TASK PROMPT: Could you print out every entry, character for character?

Recorded data:
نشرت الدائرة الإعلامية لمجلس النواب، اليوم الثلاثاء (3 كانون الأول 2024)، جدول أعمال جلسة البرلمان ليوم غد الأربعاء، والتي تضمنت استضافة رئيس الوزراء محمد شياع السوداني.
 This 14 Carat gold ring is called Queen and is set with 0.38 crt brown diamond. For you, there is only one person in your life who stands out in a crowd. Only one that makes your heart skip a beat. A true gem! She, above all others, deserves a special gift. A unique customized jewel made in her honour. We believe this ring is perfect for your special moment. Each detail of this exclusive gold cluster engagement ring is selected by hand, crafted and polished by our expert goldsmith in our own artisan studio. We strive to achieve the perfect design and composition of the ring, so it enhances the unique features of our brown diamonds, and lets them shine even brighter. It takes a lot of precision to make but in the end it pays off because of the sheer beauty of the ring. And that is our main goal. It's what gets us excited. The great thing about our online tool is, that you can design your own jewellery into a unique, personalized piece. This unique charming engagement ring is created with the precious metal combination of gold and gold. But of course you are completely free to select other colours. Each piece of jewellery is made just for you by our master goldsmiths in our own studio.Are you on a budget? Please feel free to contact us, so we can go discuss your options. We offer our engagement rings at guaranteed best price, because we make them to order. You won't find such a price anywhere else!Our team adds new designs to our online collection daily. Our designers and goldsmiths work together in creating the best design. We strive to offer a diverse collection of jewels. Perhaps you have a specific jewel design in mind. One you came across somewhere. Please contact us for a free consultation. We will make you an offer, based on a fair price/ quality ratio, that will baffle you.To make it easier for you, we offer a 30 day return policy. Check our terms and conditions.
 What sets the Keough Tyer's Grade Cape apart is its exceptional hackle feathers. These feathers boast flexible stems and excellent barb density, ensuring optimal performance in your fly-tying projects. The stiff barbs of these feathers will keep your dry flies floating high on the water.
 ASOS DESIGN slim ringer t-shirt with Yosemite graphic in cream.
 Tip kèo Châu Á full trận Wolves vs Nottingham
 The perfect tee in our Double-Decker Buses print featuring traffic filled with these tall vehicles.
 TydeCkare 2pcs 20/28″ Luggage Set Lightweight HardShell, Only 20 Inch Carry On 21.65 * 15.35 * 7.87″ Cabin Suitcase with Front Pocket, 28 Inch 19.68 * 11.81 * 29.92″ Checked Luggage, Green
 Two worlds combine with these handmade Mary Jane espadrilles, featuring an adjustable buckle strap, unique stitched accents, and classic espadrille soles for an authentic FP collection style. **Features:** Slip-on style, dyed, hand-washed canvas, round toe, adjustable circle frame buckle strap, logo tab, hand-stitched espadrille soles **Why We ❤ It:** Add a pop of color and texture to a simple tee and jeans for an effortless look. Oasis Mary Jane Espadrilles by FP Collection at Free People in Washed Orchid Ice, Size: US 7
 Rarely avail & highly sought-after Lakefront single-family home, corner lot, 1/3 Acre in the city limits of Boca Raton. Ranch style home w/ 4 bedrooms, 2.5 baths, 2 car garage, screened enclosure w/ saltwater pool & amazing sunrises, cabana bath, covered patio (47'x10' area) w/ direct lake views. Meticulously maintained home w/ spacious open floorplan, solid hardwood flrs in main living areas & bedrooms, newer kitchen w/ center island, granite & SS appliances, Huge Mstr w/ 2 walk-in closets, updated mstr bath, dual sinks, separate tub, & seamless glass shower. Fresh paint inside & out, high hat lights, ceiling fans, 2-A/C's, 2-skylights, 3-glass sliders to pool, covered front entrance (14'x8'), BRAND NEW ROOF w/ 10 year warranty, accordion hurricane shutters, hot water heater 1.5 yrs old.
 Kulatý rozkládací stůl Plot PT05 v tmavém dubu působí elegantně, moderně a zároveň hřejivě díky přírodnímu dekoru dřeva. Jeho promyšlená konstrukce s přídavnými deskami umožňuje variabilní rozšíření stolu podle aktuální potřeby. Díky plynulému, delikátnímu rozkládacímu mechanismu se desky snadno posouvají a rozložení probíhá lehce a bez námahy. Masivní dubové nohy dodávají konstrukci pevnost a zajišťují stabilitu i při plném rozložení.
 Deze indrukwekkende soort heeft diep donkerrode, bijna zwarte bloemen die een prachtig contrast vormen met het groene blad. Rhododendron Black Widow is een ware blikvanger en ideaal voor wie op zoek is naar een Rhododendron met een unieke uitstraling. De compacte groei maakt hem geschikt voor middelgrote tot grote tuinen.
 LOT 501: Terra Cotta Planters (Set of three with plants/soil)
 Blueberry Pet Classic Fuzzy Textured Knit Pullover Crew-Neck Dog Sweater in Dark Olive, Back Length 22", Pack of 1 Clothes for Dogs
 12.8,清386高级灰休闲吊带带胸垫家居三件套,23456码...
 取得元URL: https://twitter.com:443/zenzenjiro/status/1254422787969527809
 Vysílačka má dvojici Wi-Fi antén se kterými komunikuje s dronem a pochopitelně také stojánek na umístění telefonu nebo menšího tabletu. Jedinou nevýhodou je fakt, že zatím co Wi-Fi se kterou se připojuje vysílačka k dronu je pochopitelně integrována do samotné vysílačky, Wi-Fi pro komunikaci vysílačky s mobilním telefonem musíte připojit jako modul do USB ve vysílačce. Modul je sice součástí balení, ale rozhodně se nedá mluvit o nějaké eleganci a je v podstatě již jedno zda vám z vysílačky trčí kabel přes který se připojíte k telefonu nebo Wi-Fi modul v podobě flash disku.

SOLVED PROBLEM:
نشرت الدائرة الإعلامية لمجلس النواب، اليوم الثلاثاء (3 كانون الأول 2024)، جدول أعمال جلسة البرلمان ليوم غد الأربعاء، والتي تضمنت استضافة رئيس الوزراء محمد شياع السوداني.
 This 14 Carat gold ring is called Queen and is set with 0.38 crt brown diamond. For you, there is only one person in your life who stands out in a crowd. Only one that makes your heart skip a beat. A true gem! She, above all others, deserves a special gift. A unique customized jewel made in her honour. We believe this ring is perfect for your special moment. Each detail of this exclusive gold cluster engagement ring is selected by hand, crafted and polished by our expert goldsmith in our own artisan studio. We strive to achieve the perfect design and composition of the ring, so it enhances the unique features of our brown diamonds, and lets them shine even brighter. It takes a lot of precision to make but in the end it pays off because of the sheer beauty of the ring. And that is our main goal. It's what gets us excited. The great thing about our online tool is, that you can design your own jewellery into a unique, personalized piece. This unique charming engagement ring is created with the precious metal combination of gold and gold. But of course you are completely free to select other colours. Each piece of jewellery is made just for you by our master goldsmiths in our own studio.Are you on a budget? Please feel free to contact us, so we can go discuss your options. We offer our engagement rings at guaranteed best price, because we make them to order. You won't find such a price anywhere else!Our team adds new designs to our online collection daily. Our designers and goldsmiths work together in creating the best design. We strive to offer a diverse collection of jewels. Perhaps you have a specific jewel design in mind. One you came across somewhere. Please contact us for a free consultation. We will make you an offer, based on a fair price/ quality ratio, that will baffle you.To make it easier for you, we offer a 30 day return policy. Check our terms and conditions.
 What sets the Keough Tyer's Grade Cape apart is its exceptional hackle feathers. These feathers boast flexible stems and excellent barb density, ensuring optimal performance in your fly-tying projects. The stiff barbs of these feathers will keep your dry flies floating high on the water.
 ASOS DESIGN slim ringer t-shirt with Yosemite graphic in cream.
 Tip kèo Châu Á full trận Wolves vs Nottingham
 The perfect tee in our Double-Decker Buses print featuring traffic filled with these tall vehicles.
 TydeCkare 2pcs 20/28″ Luggage Set Lightweight HardShell, Only 20 Inch Carry On 21.65 * 15.35 * 7.87″ Cabin Suitcase with Front Pocket, 28 Inch 19.68 * 11.81 * 29.92″ Checked Luggage, Green
 Two worlds combine with these handmade Mary Jane espadrilles, featuring an adjustable buckle strap, unique stitched accents, and classic espadrille soles for an authentic FP collection style. **Features:** Slip-on style, dyed, hand-washed canvas, round toe, adjustable circle frame buckle strap, logo tab, hand-stitched espadrille soles **Why We ❤ It:** Add a pop of color and texture to a simple tee and jeans for an effortless look. Oasis Mary Jane Espadrilles by FP Collection at Free People in Washed Orchid Ice, Size: US 7
 Rarely avail & highly sought-after Lakefront single-family home, corner lot, 1/3 Acre in the city limits of Boca Raton. Ranch style home w/ 4 bedrooms, 2.5 baths, 2 car garage, screened enclosure w/ saltwater pool & amazing sunrises, cabana bath, covered patio (47'x10' area) w/ direct lake views. Meticulously maintained home w/ spacious open floorplan, solid hardwood flrs in main living areas & bedrooms, newer kitchen w/ center island, granite & SS appliances, Huge Mstr w/ 2 walk-in closets, updated mstr bath, dual sinks, separate tub, & seamless glass shower. Fresh paint inside & out, high hat lights, ceiling fans, 2-A/C's, 2-skylights, 3-glass sliders to pool, covered front entrance (14'x8'), BRAND NEW ROOF w/ 10 year warranty, accordion hurricane shutters, hot water heater 1.5 yrs old.
 Kulatý rozkládací stůl Plot PT05 v tmavém dubu působí elegantně, moderně a zároveň hřejivě díky přírodnímu dekoru dřeva. Jeho promyšlená konstrukce s přídavnými deskami umožňuje variabilní rozšíření stolu podle aktuální potřeby. Díky plynulému, delikátnímu rozkládacímu mechanismu se desky snadno posouvají a rozložení probíhá lehce a bez námahy. Masivní dubové nohy dodávají konstrukci pevnost a zajišťují stabilitu i při plném rozložení.
 Deze indrukwekkende soort heeft diep donkerrode, bijna zwarte bloemen die een prachtig contrast vormen met het groene blad. Rhododendron Black Widow is een ware blikvanger en ideaal voor wie op zoek is naar een Rhododendron met een unieke uitstraling. De compacte groei maakt hem geschikt voor middelgrote tot grote tuinen.
 LOT 501: Terra Cotta Planters (Set of three with plants/soil)
 Blueberry Pet Classic Fuzzy Textured Knit Pullover Crew-Neck Dog Sweater in Dark Olive, Back Length 22", Pack of 1 Clothes for Dogs
 12.8,清386高级灰休闲吊带带胸垫家居三件套,23456码...
 取得元URL: https://twitter.com:443/zenzenjiro/status/1254422787969527809
 Vysílačka má dvojici Wi-Fi antén se kterými komunikuje s dronem a pochopitelně také stojánek na umístění telefonu nebo menšího tabletu. Jedinou nevýhodou je fakt, že zatím co Wi-Fi se kterou se připojuje vysílačka k dronu je pochopitelně integrována do samotné vysílačky, Wi-Fi pro komunikaci vysílačky s mobilním telefonem musíte připojit jako modul do USB ve vysílačce. Modul je sice součástí balení, ale rozhodně se nedá mluvit o nějaké eleganci a je v podstatě již jedno zda vám z vysílačky trčí kabel přes který se připojíte k telefonu nebo Wi-Fi modul v podobě flash disku.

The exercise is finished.